Insureds' $20 Million Settlement Payment to FTC Redress Fund Held Uninsurable Restitution
The Commonwealth Court of Pennsylvania, which is overseeing the liquidation of the insurer in the coverage dispute, entered an order approving the insurer’s denial of coverage under an excess policy for a $20 million settlement that two individual insureds paid into a Federal Trade Commission (FTC) redress fund. The court adopted the recommendation of the referee appointed to hear the coverage dispute, who applied California law and concluded that the insurer was entitled to summary judgment following briefing and oral argument. Wiley Rein represented the insurer before the referee.
The insureds, the founder and CEO of the insured mortgage lender and his wife, also a former officer and director of the company, sought coverage for $20 million they personally paid to settle numerous lawsuits filed against them concerning the company’s lending practices. The $20 million payment was part of a global settlement of actions filed by the FTC, the American Association of Retired Persons, six states’ attorneys general and various private individuals that named as defendants the insureds, the company and others. These actions alleged that the lender and the insureds engaged in fraudulent and predatory lending practices, in violation of state and federal laws, and charged borrowers unconscionable fees and interest.
The referee first concluded that the insureds had not incurred any covered or insurable “Loss” because their $20 million payment constituted uninsurable restitution under applicable California law. The referee noted that, pursuant to the underlying settlement, the insureds’ payment was transferred to an FTC-administered redress fund from which class members were to receive refunds in the amount of the loan origination fees paid to the lender. Accordingly, the referee concluded that the fees were amounts to which the lender was not entitled in the first instance and were uninsurable restitution.

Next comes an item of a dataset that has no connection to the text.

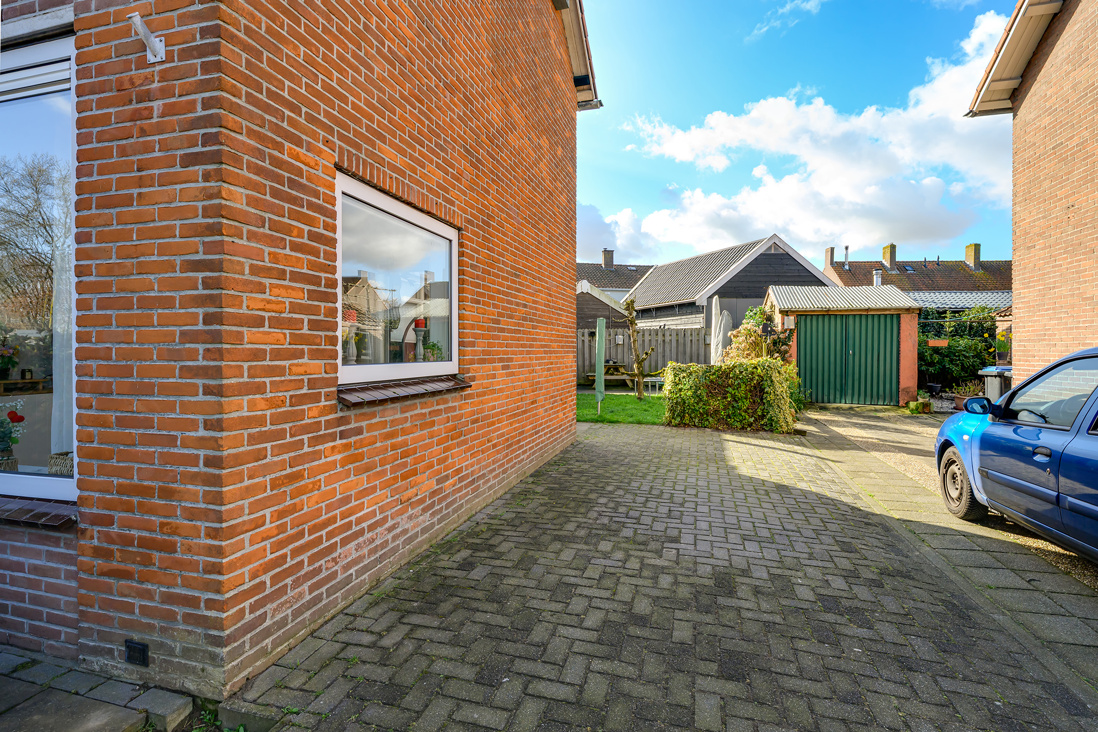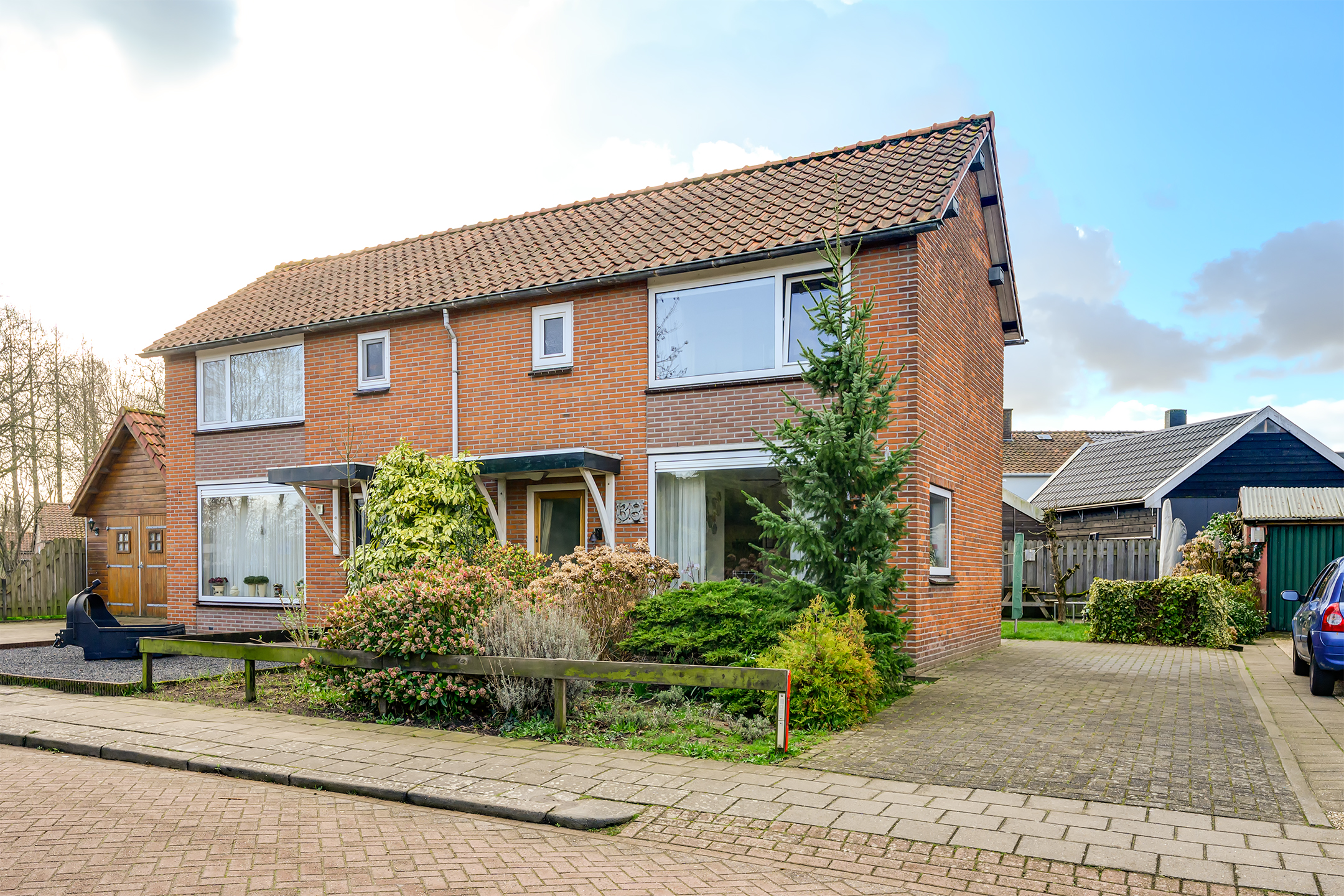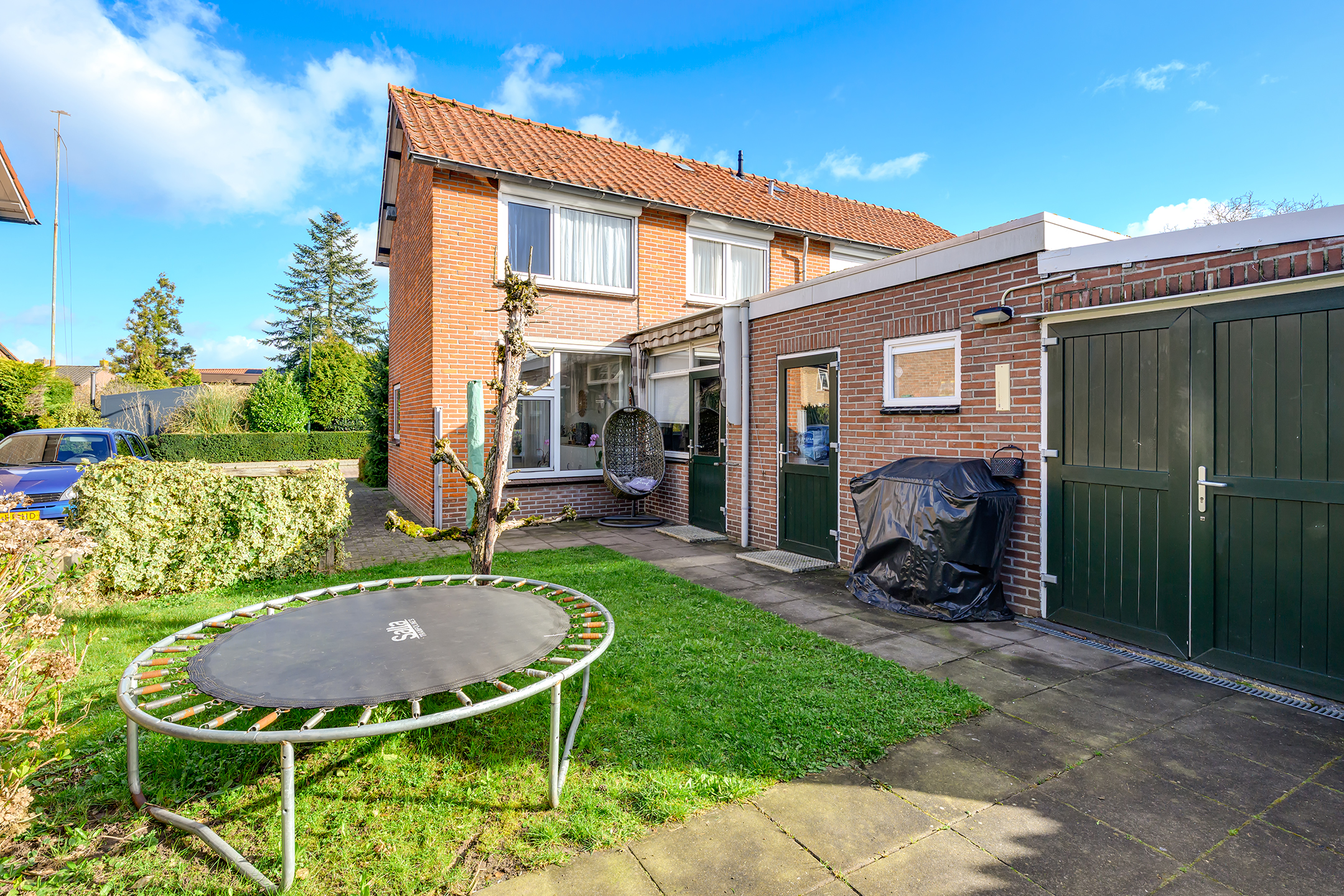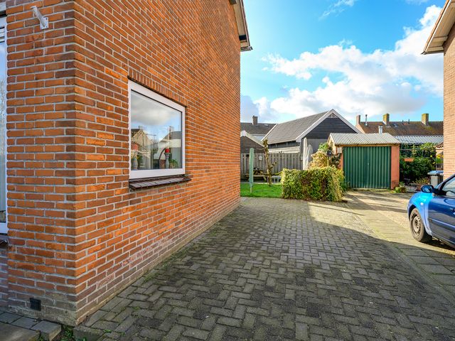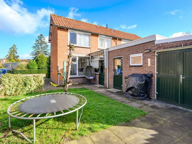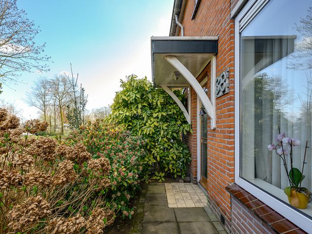 Bij aankomst valt meteen de verzorgde voortuin en ruime oprit voor twee auto’s op. Via de oprit loop je door naar de achtertuin op het zuiden – een heerlijke, zonnige plek waar je in alle rust kunt ontspannen. Dankzij de rolluiken en de charmante markies zit je hier ook op warme dagen comfortabel.

The referee also concluded that a prior litigation exclusion in the excess policy independently barred coverage. The exclusion barred coverage for Loss in connection with claims against the directors and officers arising from or based on substantially the same matters as alleged in litigation against the company prior to or pending as of July 29, 1997. The referee noted that the lawsuits for which the insureds sought coverage and two other lawsuits filed against the company in 1996 included common allegations that the lender and other defendants used deceptive sales practices to misrepresent and conceal unconscionable fees and the principal amount of loans. In addition, the referee found common allegations that the defendants induced vulnerable individuals, and particularly elderly homeowners, to borrow without regard to their ability to repay in order to charge unconscionable fees and appropriate the equity in the borrowers’ homes.
On the other hand, the referee declined to find as a matter of law that coverage was barred based on two additional independent grounds—a warranty statement and a fraud exclusion. The CEO had warranted as of the inception date of the policy that, to the best of his knowledge, none of the directors or officer had knowledge of any facts or circumstances that might give rise to a claim under the proposed excess policy. The warranty also provided that, if such knowledge of any such fact or circumstance exists, any claim arising therefrom would be excluded from coverage under the excess policy. The referee noted that, although circumstantial evidence indicated that the CEO had knowledge of unlawful lending practices prior to the time he signed the warranty statement, neither party had introduced direct evidence with respect to whether the warranty statement was breached.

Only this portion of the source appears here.